◆ **WHAT TO WORK ON**
Before printing, remove every picture; then print the lines below exactly, from the first line through the line containing "Halvparten av skjerfet".

(Dataset items)
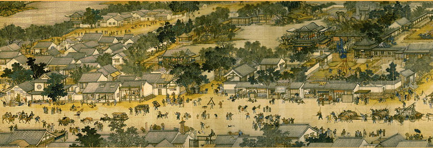 高大的城楼两边倒处是酒肆、茶房、脚店、肉铺、绫罗店、珠宝店、医药店、大车修理店⋯⋯,街道上满眼是轿子、骆驼、牛马车、人力车、太平车、平头车,形形色色,画进了五百五十多个各色人物,车、轿二十多辆,大小船只二十多艘,牛、马、骡等208只动物。然而没有一只狗,一只羊,倒是有一只二人抬着的死鹿。那可都是有道理的,有思想境界的。
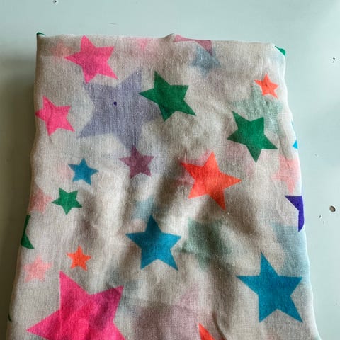 Halvparten av skjerfet har rosa stjerner, og den andre halvparten har oransje stjerner
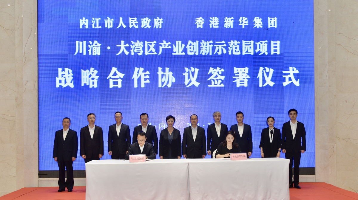 这已经是2018年双方首度牵手以来的第三次合作。2018年该集团落子内江,在“川港澳合作周”中与内江成功牵手,目前正快速推进“蓉欧+东盟国际物流基地”“内江新华国金中心”、内江“数字未来城”等一批引领性强、带动性强、支撑性强的重大项目。在良好的合作基础上,双方共同打造“川渝·大湾区产业创新示范园”将致力于推动形成更多务实成果、实现互利共赢发展。
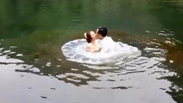Không trụ nổi, cô dâu đã phải bò lại lên thuyền trong khi chú rể vẫn cố thủ dưới nước khiến rất nhiều người xem cũng như toàn êkíp chụp ảnh tại đó phải cười ồ lên và trêu đùa rằng cô dâu nhất định không chịu... chết chung với chú rể.
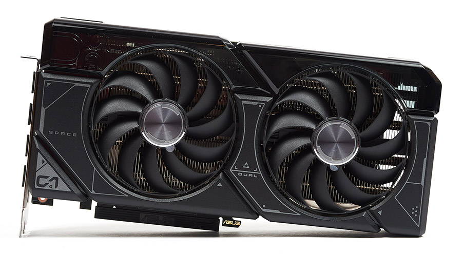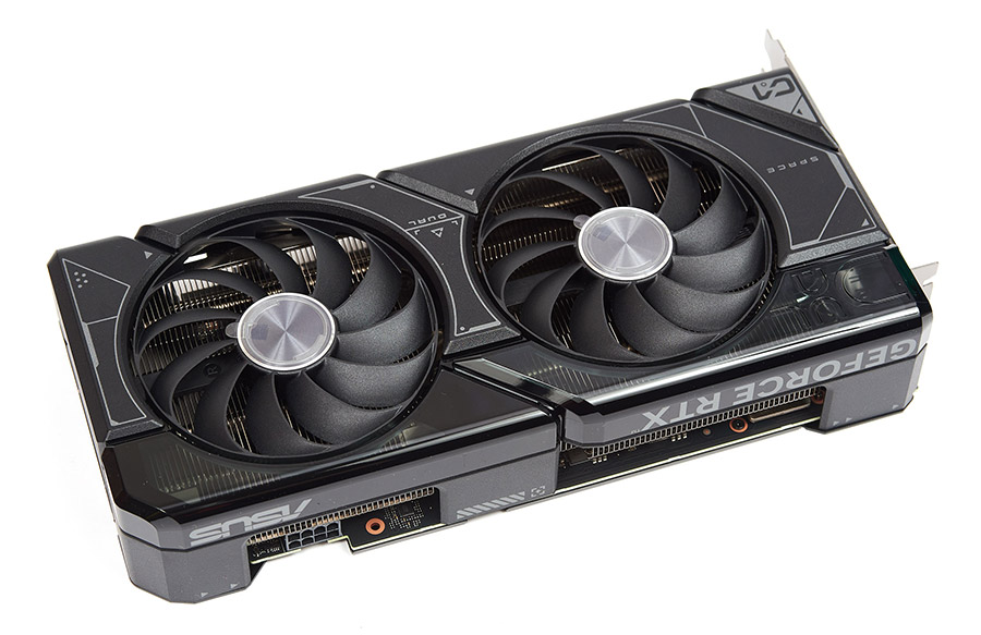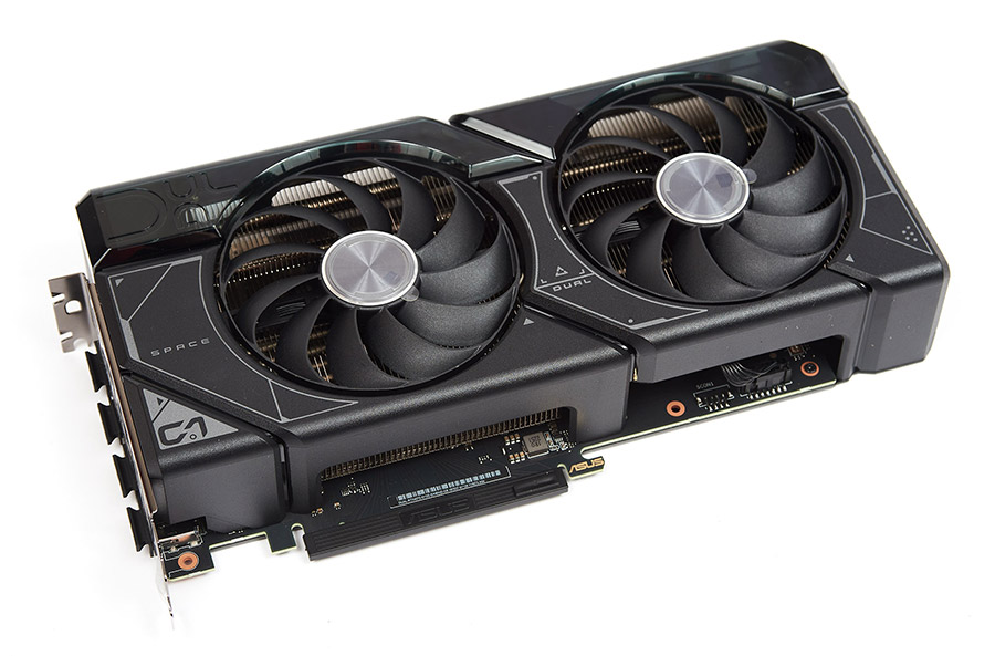 Як і вся серія RTX 40 виробництва ASUS, відеокарта має оновлений дизайн і на відміну від старих адаптерів Dual її кожух став складнішим формою.
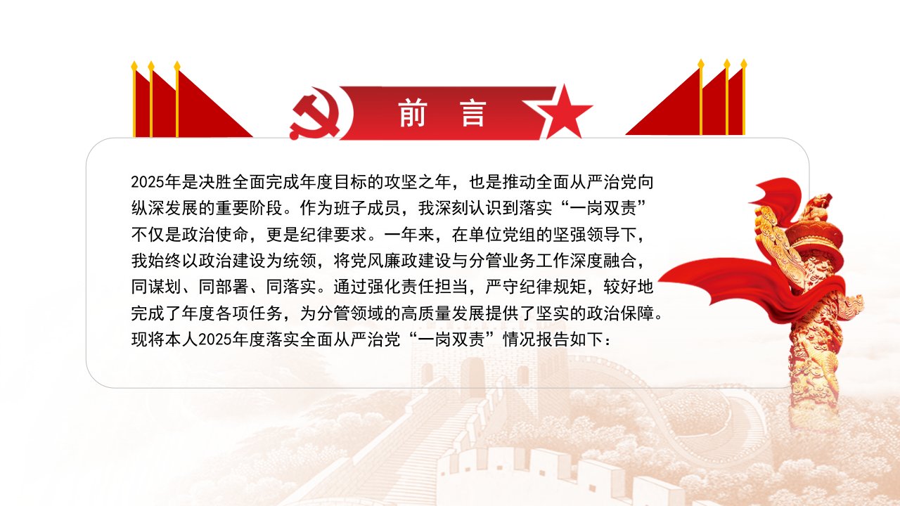 2026微党课「从严治党ppt模板」度落实全面从严治党“一岗双责”情况报告党课ppt模板(含配套讲稿)
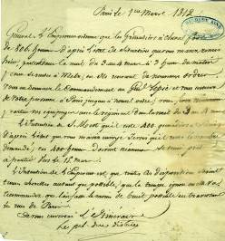 1812 ; 1 page in-4°, tache de mouillure et cachet bleu
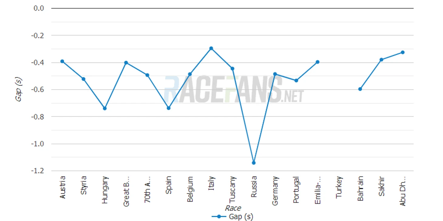 Более того, №23 так и не смог показать способность регулярно набирать большие очки и демонстрировать устойчивый прогресс. Только посмотрите на динамику его отставаний от Ферстаппена в квалификациях.
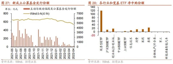 从 ETF 净申购来看,ETF 净申购,宽指 ETF 均为净申购,其中创业板(含创业板 50)ETF 申购最多;行业 ETF 以净申购为主,其中券商 ETF 申购较多,军工 ETF 赎回较多。具体来看,股票型 ETF 总体净申购 117.6 亿份。其中,沪深 300、创业板 ETF、中证 500ETF、上证 50ETF 和双创 50ETF 分别净申购 8.5 亿份、净申购 17.8 亿份、净申购 1.8 亿份、净申购 5.5 亿份、净申购 5.7 亿份。行业方面,信息技术 ETF 净申购 6.2 亿份;消费 ETF 净申购 13.3亿份;医药 ETF 净申购 15.0 亿份;券商 ETF 净申购 24.5 亿份;金融地产 ETF 净申购 2.9 亿份;军工 ETF 净赎回0.6 亿份;原材料 ETF 净赎回 0.4 亿份;新能源&智能汽车 ETF 净申购 0.8 亿份。
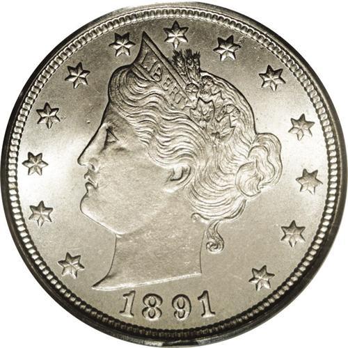 <B>1891<5C> MS66 PCGS.</B></I> Ex: Baxi Collection. Both sides display a peerless, silvery sheen and are extremely well struck in virtually all areas, lacking complete definition on only a couple of the right obverse stars. The vast majority of this workhorse issue was placed into circulation and the small quantity that was saved rarely exhibits this level of sharpness. Population: 10 in 66, 0 finer (4/06).
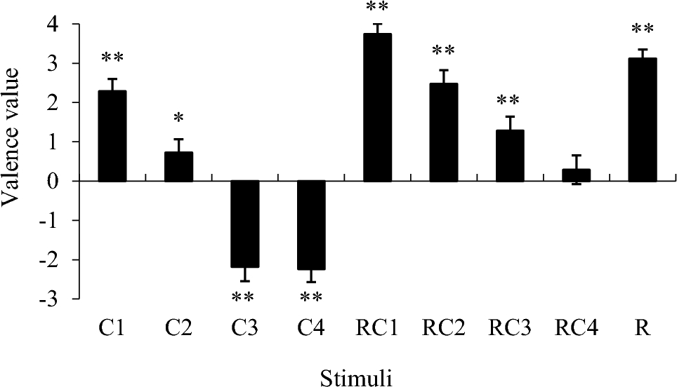 Mean value of valence indices. Error bars represent standard errors. **p < 0.01, *p < 0.05
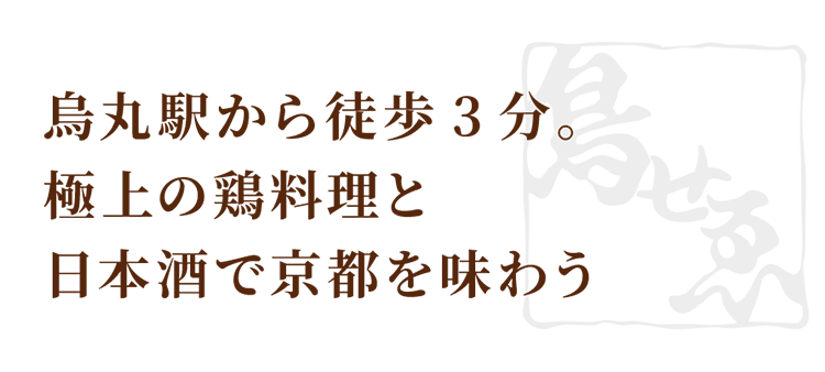 阪急京都線「烏丸駅」から徒歩3分。「鳥せゑ 蛸薬師店」では、こだわり尽くした「鶏肉」×「日本酒」でおもてなしいたします。
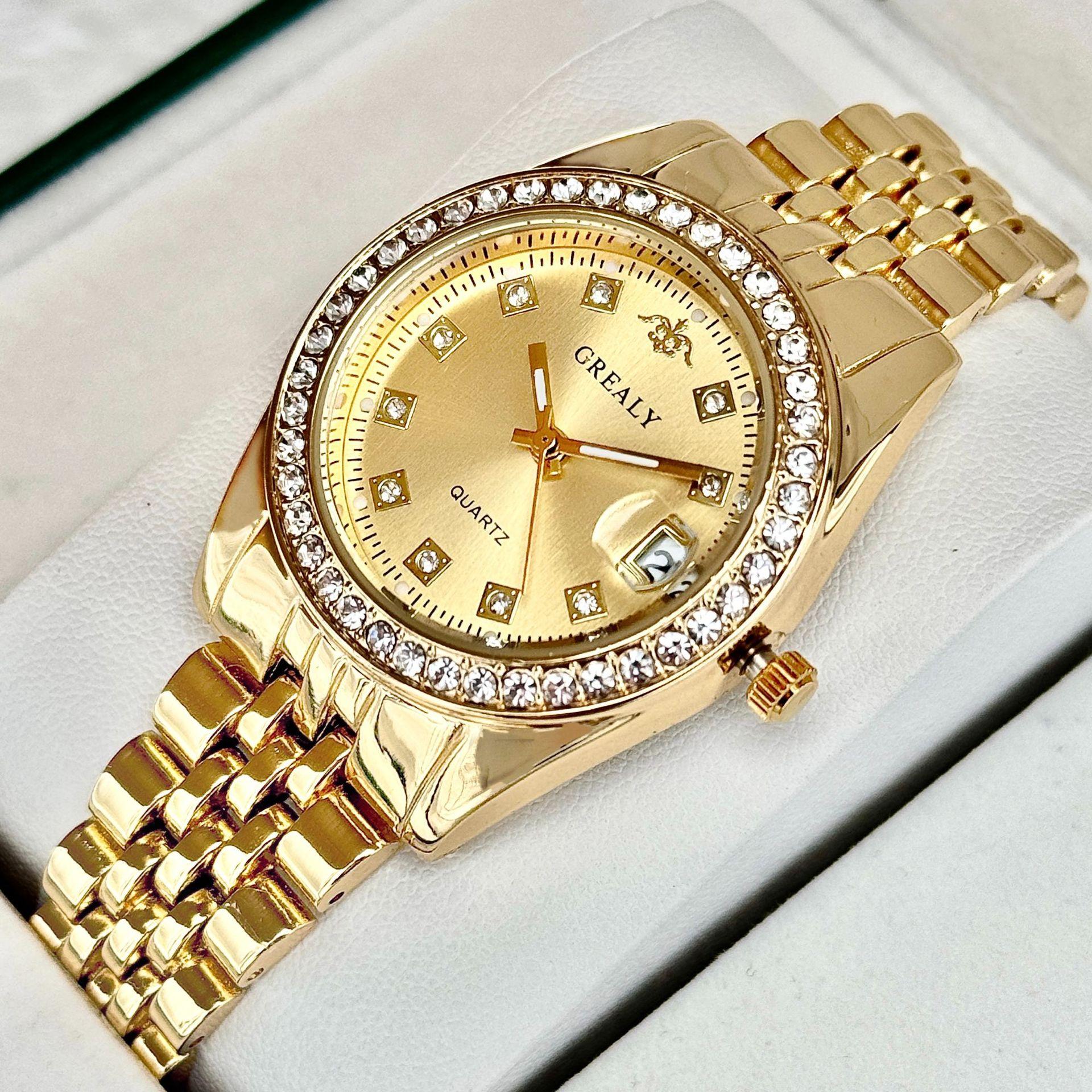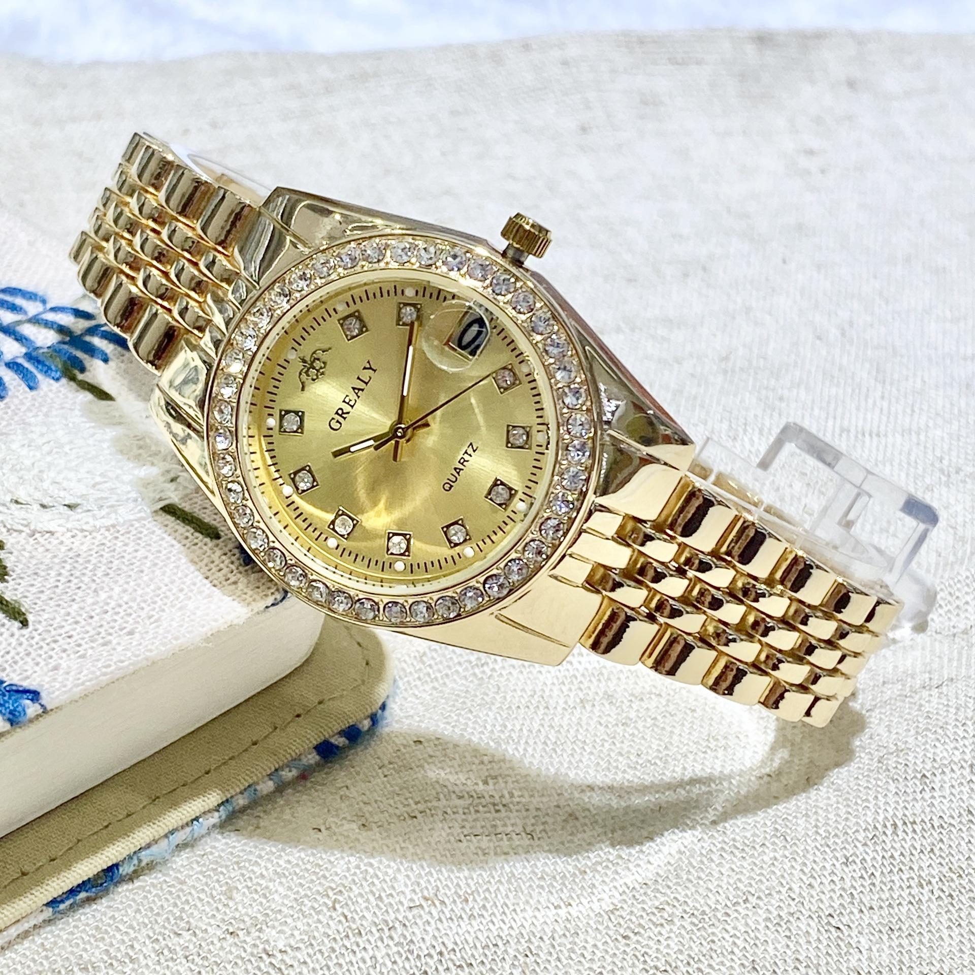 Reloj de Mujer Grealy Popular Transfronterizo Elegante de Madera Resistente al Agua Reloj de Moda Reloj de Cuarzo con Incrustaciones de Diamantes Fabricante Venta al por Mayor
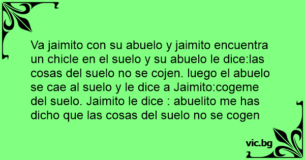 Va jaimito соn su abuelo y jaimito encuentra un chicle en el suelo y su abuelo le dice:las cosas del suelo no se cojen. luego el abuelo se cae al suelo y le dice a Jaimito:cogeme del suelo. Jaimito le dice : abuelito me has dicho que las cosas del suelo no se cogen
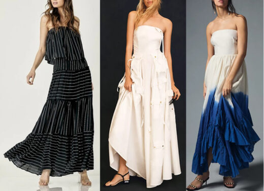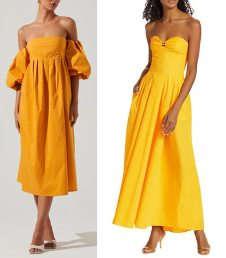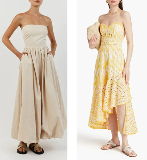 Left: 100% Linen (Machine washable) Cutout Strapless Minimal Midi Dress: Also black. Crisscross and cutout detail at the bust with smocking in the back. Body-skimming fit. Falls 50″ from high point of shoulder Sale $134.

◆ **EXERCISE ANSWER**
 高大的城楼两边倒处是酒肆、茶房、脚店、肉铺、绫罗店、珠宝店、医药店、大车修理店⋯⋯,街道上满眼是轿子、骆驼、牛马车、人力车、太平车、平头车,形形色色,画进了五百五十多个各色人物,车、轿二十多辆,大小船只二十多艘,牛、马、骡等208只动物。然而没有一只狗,一只羊,倒是有一只二人抬着的死鹿。那可都是有道理的,有思想境界的。
 Halvparten av skjerfet har rosa stjerner, og den andre halvparten har oransje stjerner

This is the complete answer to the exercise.